#### [Your instructions]
Leave the pictures in the listing below aside and reproduce exactly the lines starting with the one with "أن يصبح قسم" and going on through the one with "Manhattan Comfort 5-Piece", both ends included.
──────── Source data
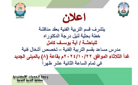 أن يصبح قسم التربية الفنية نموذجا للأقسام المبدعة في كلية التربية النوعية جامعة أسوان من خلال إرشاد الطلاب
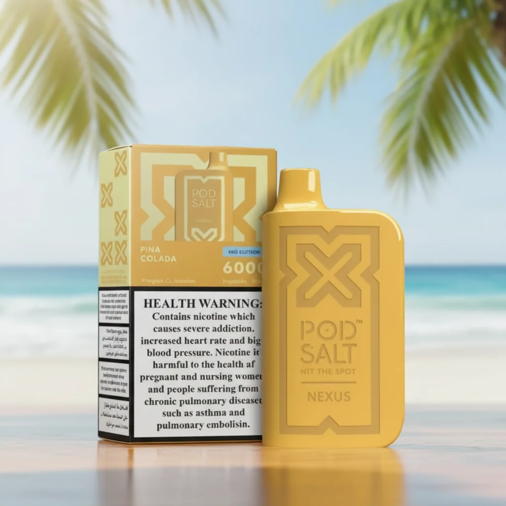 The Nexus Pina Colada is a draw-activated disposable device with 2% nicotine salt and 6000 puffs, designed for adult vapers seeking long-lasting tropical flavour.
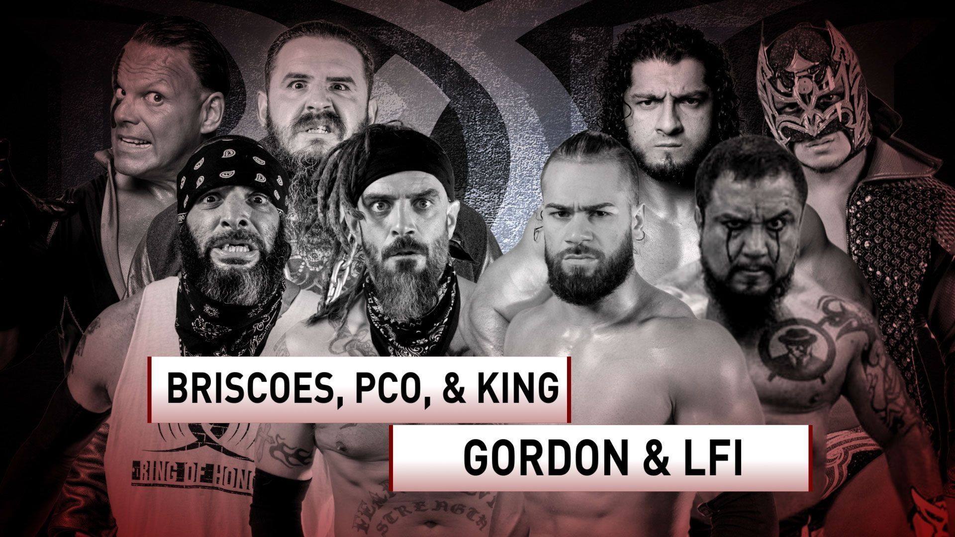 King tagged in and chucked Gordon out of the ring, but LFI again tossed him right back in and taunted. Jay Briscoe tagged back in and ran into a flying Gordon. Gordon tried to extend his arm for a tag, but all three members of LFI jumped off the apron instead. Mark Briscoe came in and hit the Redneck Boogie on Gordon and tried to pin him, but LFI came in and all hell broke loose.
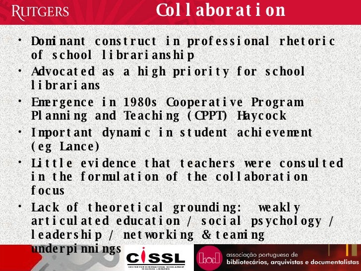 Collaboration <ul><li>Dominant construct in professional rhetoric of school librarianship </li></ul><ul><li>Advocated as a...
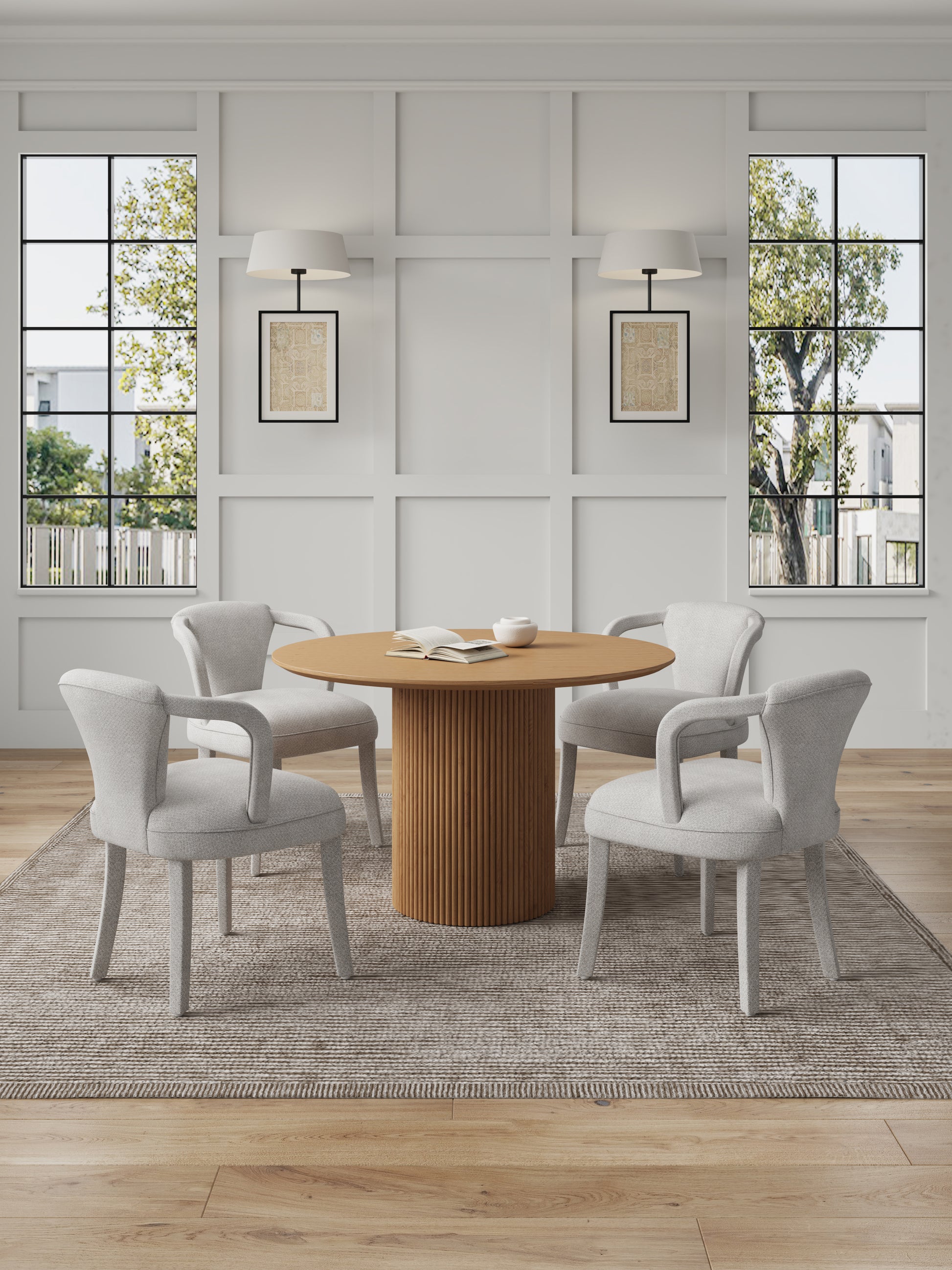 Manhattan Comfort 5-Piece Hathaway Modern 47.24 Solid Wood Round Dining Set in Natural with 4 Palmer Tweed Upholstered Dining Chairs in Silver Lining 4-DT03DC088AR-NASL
────────────────
──────── Source data
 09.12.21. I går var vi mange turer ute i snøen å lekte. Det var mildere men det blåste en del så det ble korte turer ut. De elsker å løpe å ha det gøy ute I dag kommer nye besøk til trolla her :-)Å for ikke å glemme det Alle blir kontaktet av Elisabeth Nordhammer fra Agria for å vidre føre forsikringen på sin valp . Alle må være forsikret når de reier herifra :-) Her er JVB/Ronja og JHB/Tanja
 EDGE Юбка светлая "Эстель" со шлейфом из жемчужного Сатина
────────────────
#### [Task response]
 أن يصبح قسم التربية الفنية نموذجا للأقسام المبدعة في كلية التربية النوعية جامعة أسوان من خلال إرشاد الطلاب
 The Nexus Pina Colada is a draw-activated disposable device with 2% nicotine salt and 6000 puffs, designed for adult vapers seeking long-lasting tropical flavour.
 King tagged in and chucked Gordon out of the ring, but LFI again tossed him right back in and taunted. Jay Briscoe tagged back in and ran into a flying Gordon. Gordon tried to extend his arm for a tag, but all three members of LFI jumped off the apron instead. Mark Briscoe came in and hit the Redneck Boogie on Gordon and tried to pin him, but LFI came in and all hell broke loose.
 Collaboration <ul><li>Dominant construct in professional rhetoric of school librarianship </li></ul><ul><li>Advocated as a...
 Manhattan Comfort 5-Piece Hathaway Modern 47.24 Solid Wood Round Dining Set in Natural with 4 Palmer Tweed Upholstered Dining Chairs in Silver Lining 4-DT03DC088AR-NASL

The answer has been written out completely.